#### AIM OF THE TASK:
Copy every record below exactly, leaving out any pictures.

#### EXTRACTED INFORMATION:
┄┄┄┄┄┄┄┄┄┄┄┄┄┄┄┄┄┄┄┄

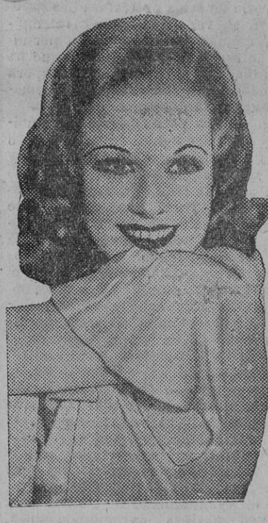
Jean Harlow, la rubia platino, cuyo nombre, con motivo del suicidio de su esposo, en condiciones excepcionales, apareció en toda la Prensa del mundo.
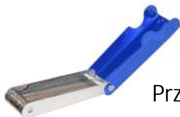
Przetyczki „TIP” do palników
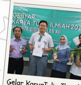
Gelar Karya Tulis Ilmiah
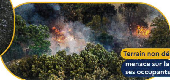
Terrain non débroussaillé

menace sur la maison, ses occupants et la forêt
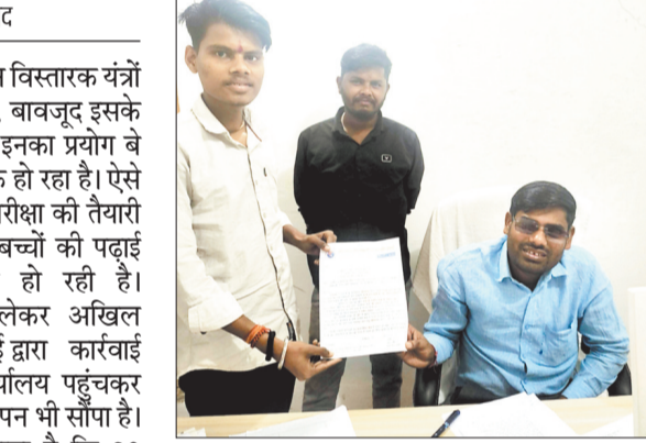
अधिकारी को ज्ञापन सौंपते अभावपि के पदाधिकारी।

प्रशासन द्वारा परीक्षा के मद्देनजर ध्वनि विस्तारक यंत्रों के प्रयोग पर प्रतिबंध लगाया गया है, बावजूद इसके शहर सहित आसपास के इलाके में डीजे प्रयोग वे रोक टोक हो रहा है। ऐसे में बोर्ड परीक्षा की तैयारी कर रहे बच्चों की पढ़ाई प्रभावित हो रही है। इसको लेकर अखिल भारतीय विद्यार्थी परिषद, राहौद इकाई द्वारा कार्रवाई की मांग की गई है। तहसील कार्यालय पहुंचकर विद्यार्थी परिषद ने तहसीलदार को ज्ञापन भी सौंपा है। सौंपे गए ज्ञापन में उन्होंने बताया है कि 20 फरवरी से बोर्ड की परीक्षा शुरू हो गई है। इसको लेकर 19 फरवरी को ही जिला प्रशासन द्वारा ध्वनि विस्तारक यंत्रों के प्रयोग पर प्रतिबंध लगाने संबंधी आदेश भी जारी किया गया है। बावजूद इसके राहौद शहर सहित आसपास के गांवों में इस आदेश का पालन नहीं हो रहा है। जगह-जगह मनमाने तरीके से कानूफोड संगीत, डीजे आदि का प्रयोग हो रहा है, जिससे बोर्ड परीक्षा दिलाने वाले बच्चों की पढ़ाई
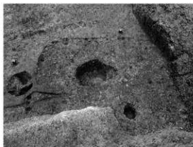
写真 2 竪穴建物の発掘状況 (南より)
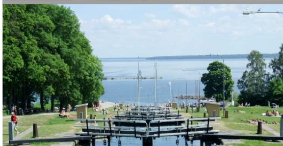
Slussarna vid Berg. I bakgrunden sjön Roxen.
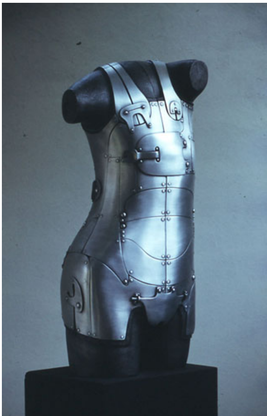
MI AMOR AGUERRIDO N°1
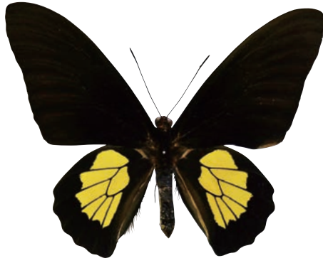
11-a Troides criton criton (Felder, 1860) クリトンキシタアゲハ・名義タイプ亜種
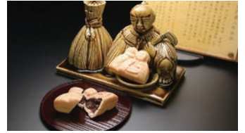
イチオシ商品「農人形の形の最中」

店舗所在：茨城県東茨城郡茨城町常井 675-22 営業時間等：8:30 ~ 19:00 (火曜定休) ※営業時間・定休日は変更となる場合がございます。
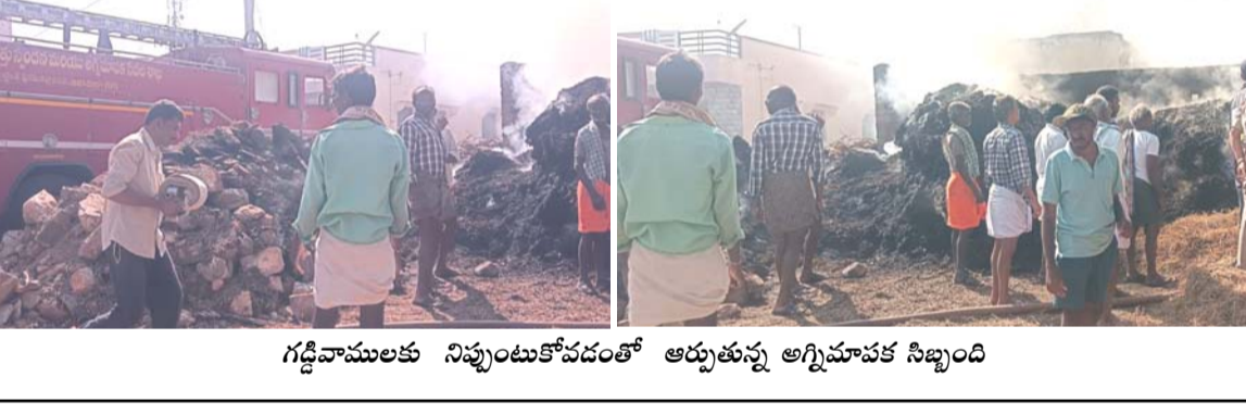
గడ్డివాములకు నిప్పుంటుకోవడంతో ఆర్పుతున్న అగ్నిమాపక సిబ్బంది
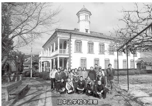
旧中込学校を視察
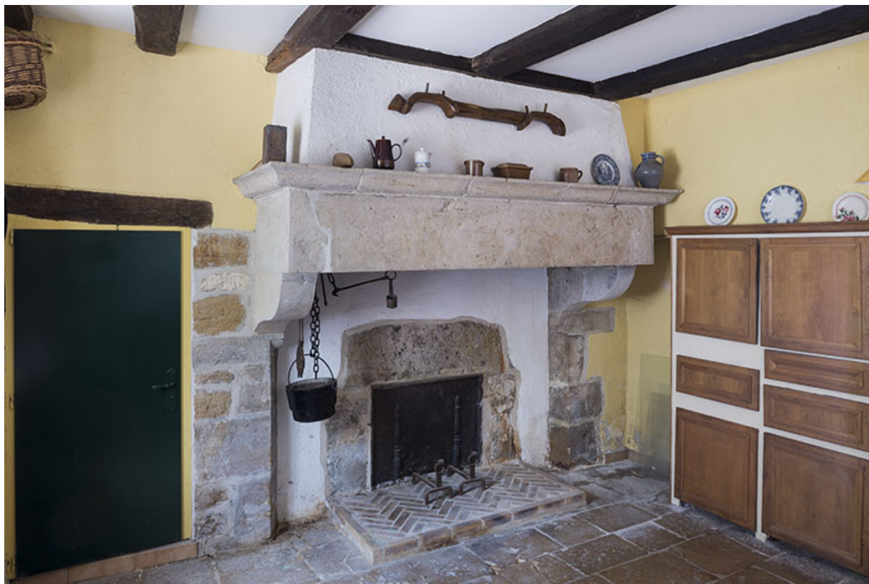
Cheminée de la cuisine, rez-de-jardin.
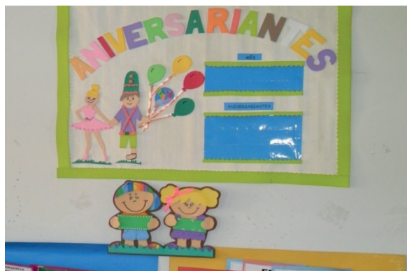
Imagem 13. Secretaria. Creche Fúlvia Rosemberg.

Se o cartaz é para parabenizar ou indicar o aniversariante da semana (Imagens 13 e 14), os personagens são brancos/as, e duas crianças brancas carregam os crachás com os nomes das crianças – menino e menina. Isso é normal.
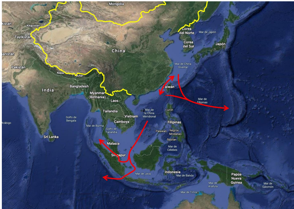
Figura 2. Geoestrategia china de acceso a los océanos Índico y Pacífico.

En 1989, con la crisis de Tiananmén, devino el primer gran contratiempo. El ELP intervino contra los manifestantes, dañando su imagen tanto dentro como fuera de sus fronteras. China ha sufrido desde entonces un riguroso embargo de armamentos por parte de las potencias occidentales. La supervivencia del régimen y el temor a la injerencia extranjera reforzaron su prioridad estratégica.
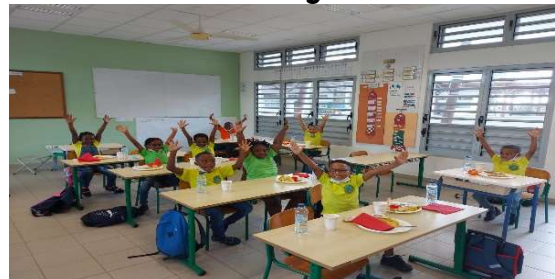
Ecole élémentaire Alexis Delacroix
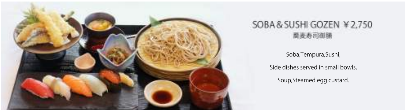
SOBA & SUSHI GOZEN ¥2,750 蕎麦寿司御膳

Soba, Tempura, Sushi, Side dishes served in small bowls, Soup, Steamed egg custard.
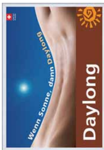
Beispiel 02 / 01
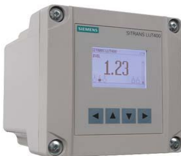
Рисунок 1 — Электронный блок уровнемера

Уровнемеры состоят из электронного блока и ультразвуковых преобразователей. Преобразователи и электронный блок соединены между собой линиями проводной связи. Общий вид электронного блока уровнемера приведен на рисунке 1. Общий вид ультразвуковых преобразователей приведен на рисунке 2.
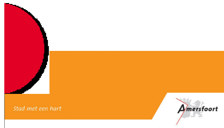
De cirkel wordt altijd op deze manier gekoppeld aan de kleurbalk.
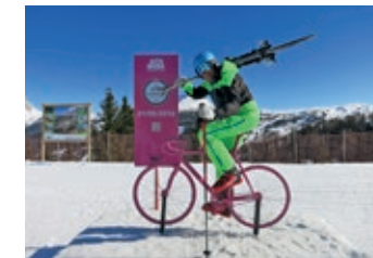
Freunde des 111er-Bieres

┄┄┄┄┄┄┄┄┄┄┄┄┄┄┄┄┄┄┄┄

#### SOLUTION TO THIS EXERCISE:
Jean Harlow, la rubia platino, cuyo nombre, con motivo del suicidio de su esposo, en condiciones excepcionales, apareció en toda la Prensa del mundo.
Przetyczki „TIP” do palników
Gelar Karya Tulis Ilmiah
Terrain non débroussaillé

menace sur la maison, ses occupants et la forêt
अधिकारी को ज्ञापन सौंपते अभावपि के पदाधिकारी।

प्रशासन द्वारा परीक्षा के मद्देनजर ध्वनि विस्तारक यंत्रों के प्रयोग पर प्रतिबंध लगाया गया है, बावजूद इसके शहर सहित आसपास के इलाके में डीजे प्रयोग वे रोक टोक हो रहा है। ऐसे में बोर्ड परीक्षा की तैयारी कर रहे बच्चों की पढ़ाई प्रभावित हो रही है। इसको लेकर अखिल भारतीय विद्यार्थी परिषद, राहौद इकाई द्वारा कार्रवाई की मांग की गई है। तहसील कार्यालय पहुंचकर विद्यार्थी परिषद ने तहसीलदार को ज्ञापन भी सौंपा है। सौंपे गए ज्ञापन में उन्होंने बताया है कि 20 फरवरी से बोर्ड की परीक्षा शुरू हो गई है। इसको लेकर 19 फरवरी को ही जिला प्रशासन द्वारा ध्वनि विस्तारक यंत्रों के प्रयोग पर प्रतिबंध लगाने संबंधी आदेश भी जारी किया गया है। बावजूद इसके राहौद शहर सहित आसपास के गांवों में इस आदेश का पालन नहीं हो रहा है। जगह-जगह मनमाने तरीके से कानूफोड संगीत, डीजे आदि का प्रयोग हो रहा है, जिससे बोर्ड परीक्षा दिलाने वाले बच्चों की पढ़ाई
写真 2 竪穴建物の発掘状況 (南より)
Slussarna vid Berg. I bakgrunden sjön Roxen.
MI AMOR AGUERRIDO N°1
11-a Troides criton criton (Felder, 1860) クリトンキシタアゲハ・名義タイプ亜種
イチオシ商品「農人形の形の最中」

店舗所在：茨城県東茨城郡茨城町常井 675-22 営業時間等：8:30 ~ 19:00 (火曜定休) ※営業時間・定休日は変更となる場合がございます。
గడ్డివాములకు నిప్పుంటుకోవడంతో ఆర్పుతున్న అగ్నిమాపక సిబ్బంది
旧中込学校を視察
Cheminée de la cuisine, rez-de-jardin.
Imagem 13. Secretaria. Creche Fúlvia Rosemberg.

Se o cartaz é para parabenizar ou indicar o aniversariante da semana (Imagens 13 e 14), os personagens são brancos/as, e duas crianças brancas carregam os crachás com os nomes das crianças – menino e menina. Isso é normal.
Figura 2. Geoestrategia china de acceso a los océanos Índico y Pacífico.

En 1989, con la crisis de Tiananmén, devino el primer gran contratiempo. El ELP intervino contra los manifestantes, dañando su imagen tanto dentro como fuera de sus fronteras. China ha sufrido desde entonces un riguroso embargo de armamentos por parte de las potencias occidentales. La supervivencia del régimen y el temor a la injerencia extranjera reforzaron su prioridad estratégica.
Ecole élémentaire Alexis Delacroix
SOBA & SUSHI GOZEN ¥2,750 蕎麦寿司御膳

Soba, Tempura, Sushi, Side dishes served in small bowls, Soup, Steamed egg custard.
Beispiel 02 / 01
Рисунок 1 — Электронный блок уровнемера

Уровнемеры состоят из электронного блока и ультразвуковых преобразователей. Преобразователи и электронный блок соединены между собой линиями проводной связи. Общий вид электронного блока уровнемера приведен на рисунке 1. Общий вид ультразвуковых преобразователей приведен на рисунке 2.
De cirkel wordt altijd op deze manier gekoppeld aan de kleurbalk.
Freunde des 111er-Bieres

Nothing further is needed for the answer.